2 min read
Azure Machine Learning Managed Endpoints: Deploying Models with Zero Downtime
Production ML deployments demand reliability. Azure Machine Learning managed endpoints provide enterprise-grade model serving with built-in traffic splitting, autoscaling, and zero-downtime deployments. Here’s how to implement robust deployment pipelines.
Creating Managed Endpoints
Set up an endpoint that supports multiple model versions:
from azure.ai.ml import MLClient
from azure.ai.ml.entities import (
ManagedOnlineEndpoint,
ManagedOnlineDeployment,
Model,
Environment,
CodeConfiguration
)
from azure.identity import DefaultAzureCredential
ml_client = MLClient(
DefaultAzureCredential(),
subscription_id="your-sub",
resource_group_name="your-rg",
workspace_name="your-workspace"
)
# Create the endpoint
endpoint = ManagedOnlineEndpoint(
name="fraud-detection-endpoint",
description="Real-time fraud detection model",
auth_mode="key",
tags={"team": "risk-analytics", "env": "production"}
)
ml_client.online_endpoints.begin_create_or_update(endpoint).result()
# Create initial deployment
blue_deployment = ManagedOnlineDeployment(
name="blue",
endpoint_name="fraud-detection-endpoint",
model=Model(path="./models/fraud_model_v1"),
environment=Environment(
image="mcr.microsoft.com/azureml/openmpi4.1.0-ubuntu20.04",
conda_file="./environments/inference_env.yml"
),
code_configuration=CodeConfiguration(
code="./src",
scoring_script="score.py"
),
instance_type="Standard_DS3_v2",
instance_count=3,
request_settings={
"request_timeout_ms": 3000,
"max_concurrent_requests_per_instance": 100
},
liveness_probe={"initial_delay": 30, "period": 10},
readiness_probe={"initial_delay": 30, "period": 10}
)
ml_client.online_deployments.begin_create_or_update(blue_deployment).result()
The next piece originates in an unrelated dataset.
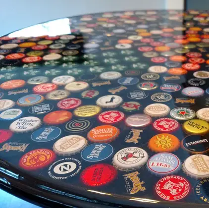 În cazul în care doriți o suprafață mai groasă, faceți înainte un șablon și umpleți-l cu rășină. Se pot pune orice fel de obiecte, ele vor rămâne înglobate în rășină, obținându-se obiecte unice.
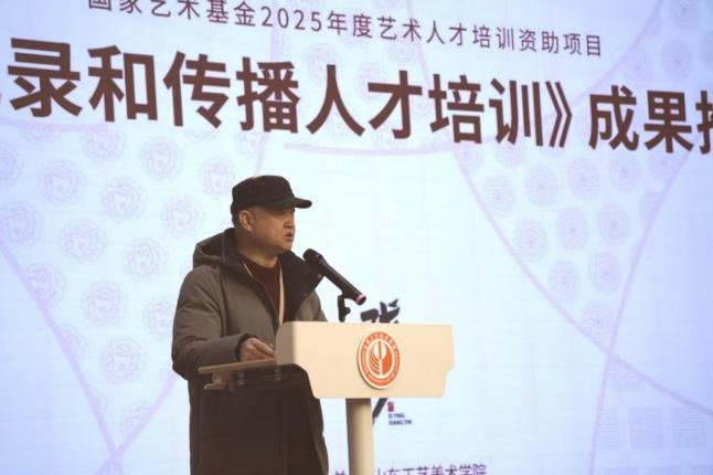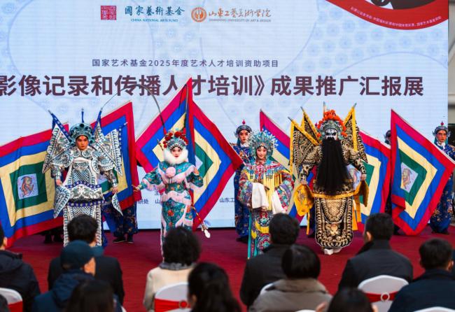1月12日,“戏影乡音:国家艺术基金2025年度艺术人才培训资助项目《戏曲影像记录和传播人才培训》成果推广汇报展”在山东工艺美术学院美术馆开展。山东工艺美术学院院长董占军出席活动并致辞,副院长孔亮主持展览开幕式,党委委员、宣传部部长孙磊出席活动。

Blue-Green Deployment Pattern
Deploy new versions without downtime using traffic splitting:
# Deploy new version as green
green_deployment = ManagedOnlineDeployment(
name="green",
endpoint_name="fraud-detection-endpoint",
model=Model(path="./models/fraud_model_v2"),
# ... same configuration
)
ml_client.online_deployments.begin_create_or_update(green_deployment).result()
# Gradually shift traffic
endpoint.traffic = {"blue": 90, "green": 10}
ml_client.online_endpoints.begin_create_or_update(endpoint).result()
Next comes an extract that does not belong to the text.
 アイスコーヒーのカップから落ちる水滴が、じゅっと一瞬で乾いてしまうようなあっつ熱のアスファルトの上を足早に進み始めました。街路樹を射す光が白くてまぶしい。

# Monitor metrics, then complete rollout
endpoint.traffic = {"blue": 0, "green": 100}
ml_client.online_endpoints.begin_create_or_update(endpoint).result()
# Clean up old deployment
ml_client.online_deployments.begin_delete(
name="blue",
endpoint_name="fraud-detection-endpoint"
).result()
Monitoring and Rollback
Configure Azure Monitor alerts on latency and error rates. Implement automatic rollback triggers when thresholds are breached.